# [What this task involves]
Nothing but the lines below, from the first through the line containing "Efsane Maraton Tribünleri, pandemi", should be set down, each one exactly and without pictures.
***** Dataset excerpts
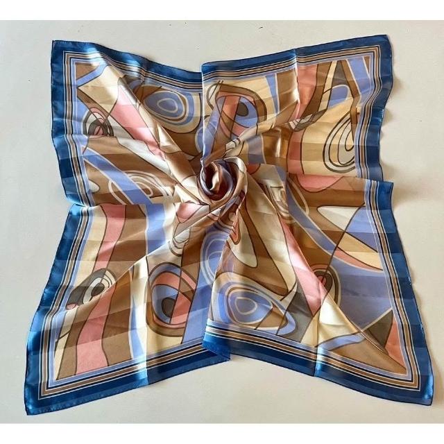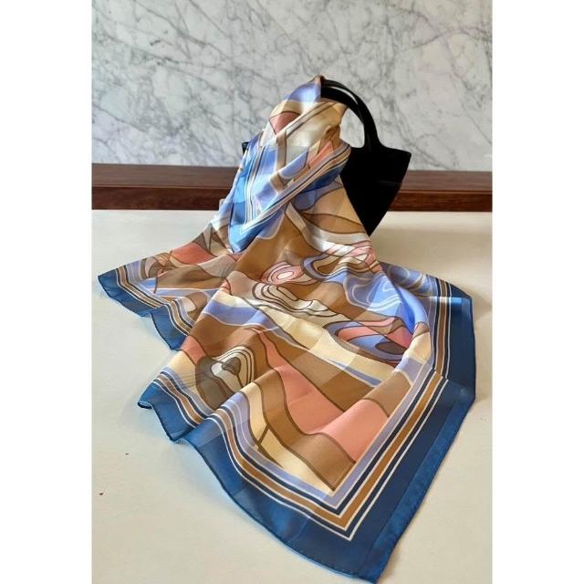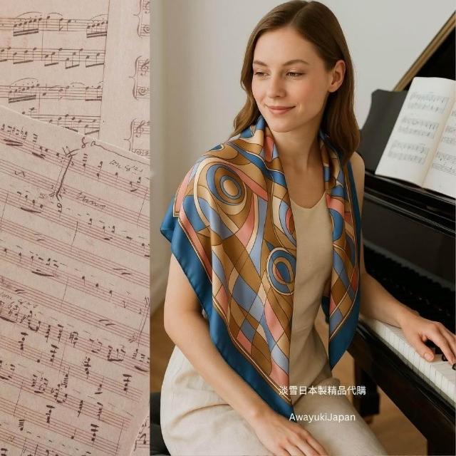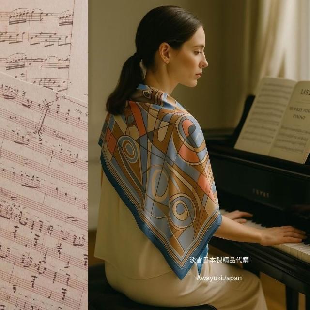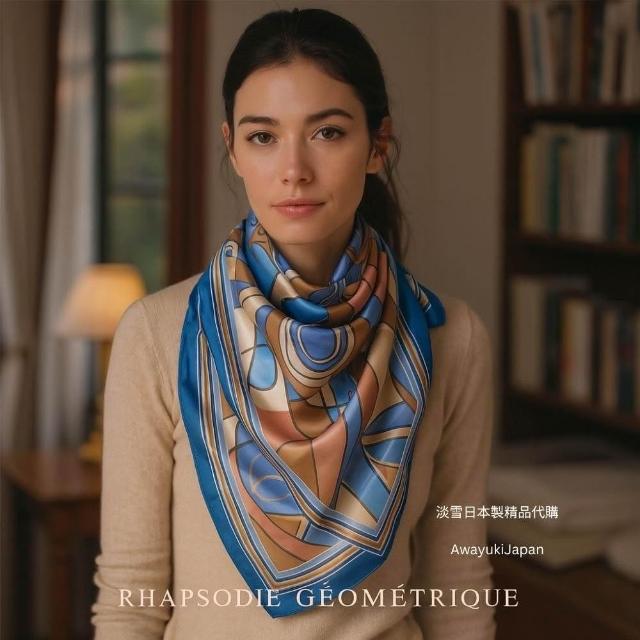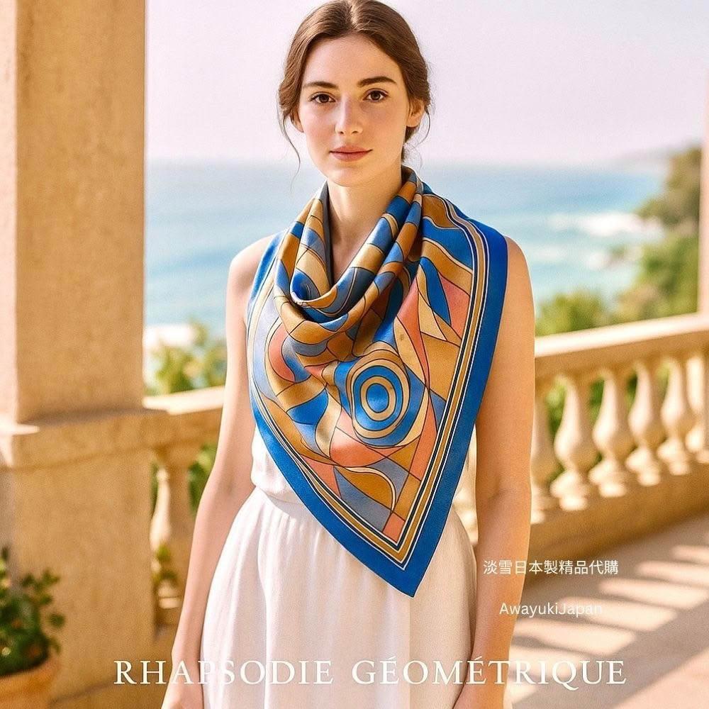 Awayuki日本製 絲巾_幾何狂想曲絲巾-藍色 (88x88cm) 純絲 日本絲巾 大方巾 9090 披肩 冷氣房 日夜溫差
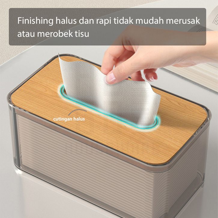 HUGO Tempat Penyimpanan Tissue Transparan Kotak Tisu Estetik Minimalis Tutup Kayu Premium Quality
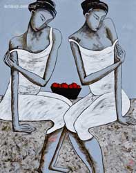In her new series of oil and mixed media paintings titled " Las Piadosas”, Enriqueta Aguilo , shows women who describe their different emotional states. Her figures appear static, frozen, appear to reside in a vacuum where the artist prefers to concentrate on the expressions of their bodies. Thus explores how to simplify the forms, which together with the ornamentation and texture of its backgrounds, introduces us to a climate of spiritual sensuality.
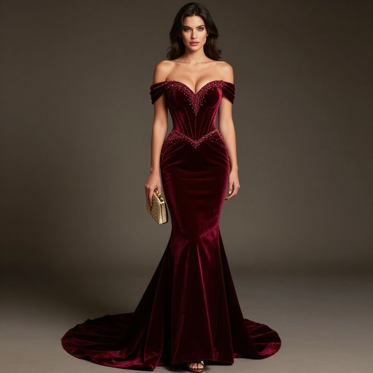 "Sophisticated plunging neckline, mermaid-style dress, rich burgundy velvet, intricate beaded embellishments, off-the-shoulder sleeves, dramatic train, corset back, gold accents, vintage-inspired clutch, strappy metallic heels.. Sexy. Pretty face and beаutiful eyes. Big breasts."
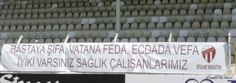 Efsane Maraton Tribünleri, pandemi nedeni ile tribünlerdeki yerini alamazken tribünlere astığı, “Hastaya şifa, vatana feda, ecdada vefa. İyi ki varsınız sağlık çalışanlarımız” yazılı pankart gözlerden kaçmadı.
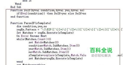 搜索Function Parse(sTemplate, iPosBegin) 在这段上面插入以下代码 Function DoIf(byval condition,byval yes,byval no) if(Eval(condition)) then DoIf=yes else DoIf=no end function Function ParseIF(sTemplate) dim condition,yes,no regEx.Pattern = “\{\$IF([^\}]*)\}[^\{]*\{([^\}]*)\}[^\{]*\{([^\}]*)\}[^\{]*{/\$IF\}” Set Matches = regEx.Execute(sTemplate) On Error Resume Next while(Matches.Count<>0) set Match=Matches(0) condition=Match.SubMatches.Item(0) yes=Match.SubMatches.Item(1) no=Match.SubMatches.Item(2) sTemplate=replace(sTemplate,Match.Value,DoIf(condition,yes,no)) set Matches=regEx.Execute(sTemplate) wend set Matches=nothing ParseIF=sTemplate end Function 如图:
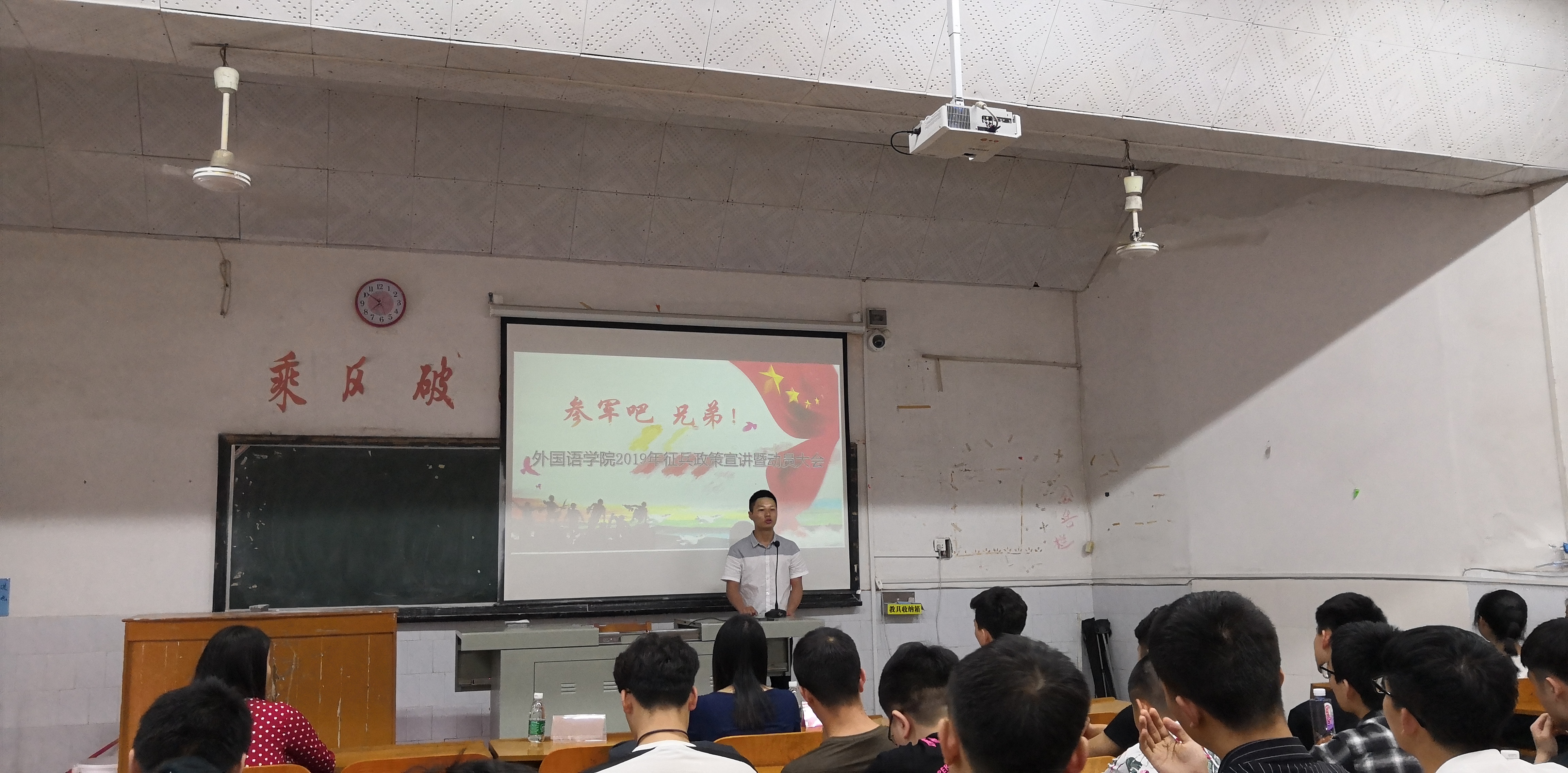 本网讯(通讯员 郑云华)建功新时代,青春献国防。4月26日下午,外国语学院2019年征兵政策宣讲暨动员大会在博雅楼东1-1召开。外国语学院党总支副书记、副院长罗晶;18级辅导员王素芳老师;17级辅导员杨佳;世界杯官网退役复学的经济与管理学院统计学1601班谌明江同学和电子与信息技术学院通信工程1601班许收同学以及我院各年级有参军意向的同学出席本次会议。大会由王素芳老师主持。
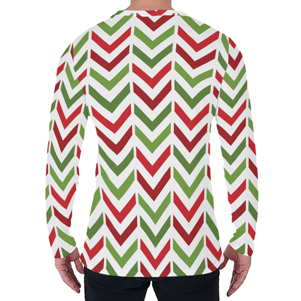 Zigzag Merry Christmas Pattern Print Men’s Long Sleeve T-Shirt
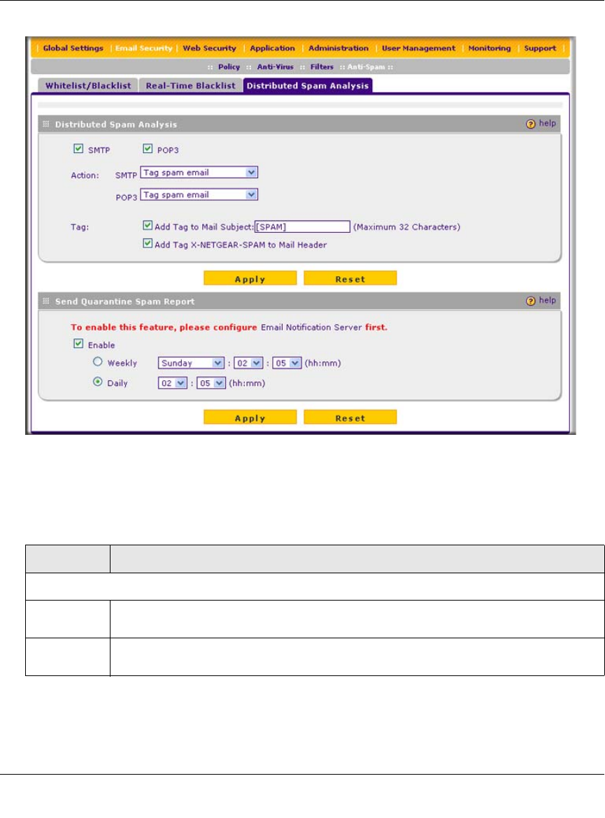 Table 4-8. Distributed Spam Analysis Settings
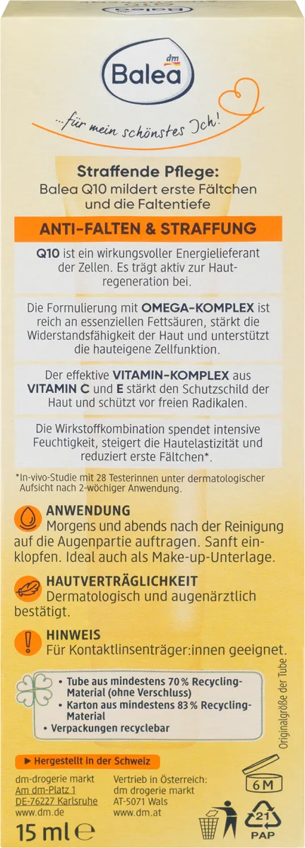 Balea Q10 anti-wrinkle eye cream is a firming care that can soften the first wrinkles and reduce the depth of wrinkles.
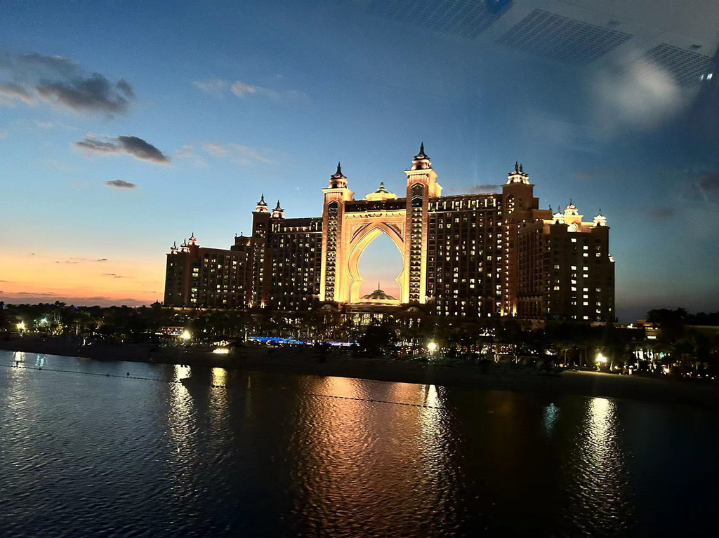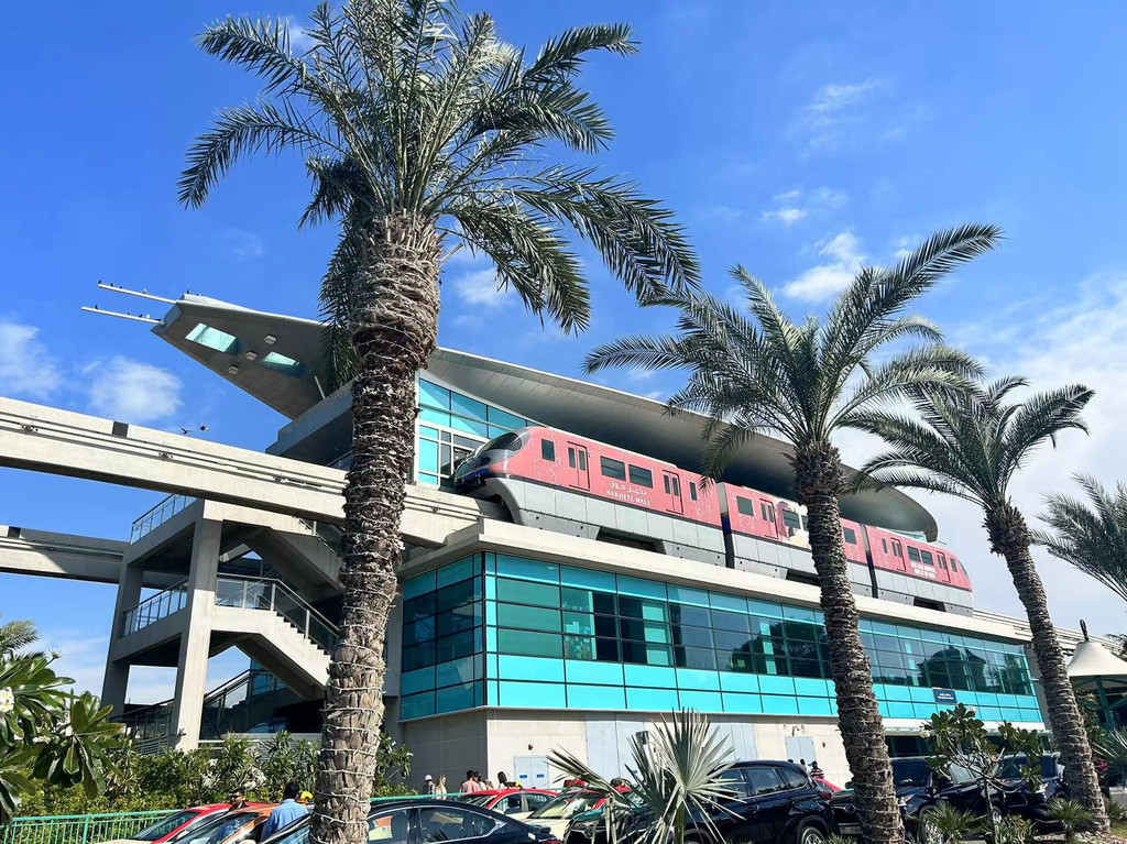 在酒店补眠了一会,就开始棕榈岛轻松游。坐酒店接驳车去到轻轨站,就坐轻轨到棕榈岛的瞭望塔,短短两个站(可能就5分钟?),来回票单人30迪拉姆,人多的话成本高过打车。但轻轨架空在岛上的中心线,可以看到岛上的景色,尤其是日落时分的亚特兰蒂斯酒店绝美,建议还是可以尝试一下。
**********
# [Task response]
 Awayuki日本製 絲巾_幾何狂想曲絲巾-藍色 (88x88cm) 純絲 日本絲巾 大方巾 9090 披肩 冷氣房 日夜溫差
 HUGO Tempat Penyimpanan Tissue Transparan Kotak Tisu Estetik Minimalis Tutup Kayu Premium Quality
In her new series of oil and mixed media paintings titled " Las Piadosas”, Enriqueta Aguilo , shows women who describe their different emotional states. Her figures appear static, frozen, appear to reside in a vacuum where the artist prefers to concentrate on the expressions of their bodies. Thus explores how to simplify the forms, which together with the ornamentation and texture of its backgrounds, introduces us to a climate of spiritual sensuality.
 "Sophisticated plunging neckline, mermaid-style dress, rich burgundy velvet, intricate beaded embellishments, off-the-shoulder sleeves, dramatic train, corset back, gold accents, vintage-inspired clutch, strappy metallic heels.. Sexy. Pretty face and beаutiful eyes. Big breasts."
 Efsane Maraton Tribünleri, pandemi nedeni ile tribünlerdeki yerini alamazken tribünlere astığı, “Hastaya şifa, vatana feda, ecdada vefa. İyi ki varsınız sağlık çalışanlarımız” yazılı pankart gözlerden kaçmadı.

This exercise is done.